Implementing your own derived variables#

Guidance on adding new built-in derived variables to ESMValCore is available in Deriving a variable. However, if you are only using the Python interface, you can define an ad-hoc derived variable by subclassing the DerivedDataset class and implementing a custom required attribute and derive method. The required attribute defines the facets that describe the input data:

dataset.required

[{'short_name': 'rlut'}, {'short_name': 'rlutcs'}]

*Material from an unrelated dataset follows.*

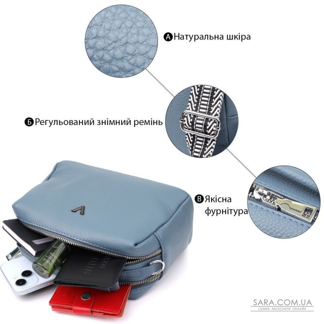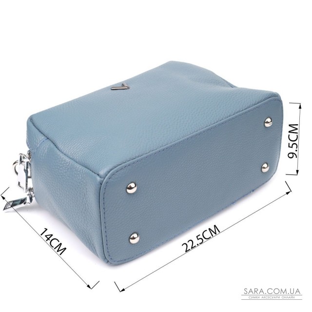 Жіноча шкіряна сумка блакитного кольору – свіжий акцент у практичному виконанні. Ця витончена модель виконана з натуральної шкіри в ніжному блакитному відтінку, який надає образу легкість та елегантність. Короткий силует і продумані деталі роблять сумку чудовим вибором як для повсякденного, так і для більш витонченого міського стилю.

in this case we see that lwcre is derived from variables rlut and rlutcs. The derive method is a function that takes the iris cubes resulting from loading the datasets described by the facets and required attribute as an argument, and computes the derived variable.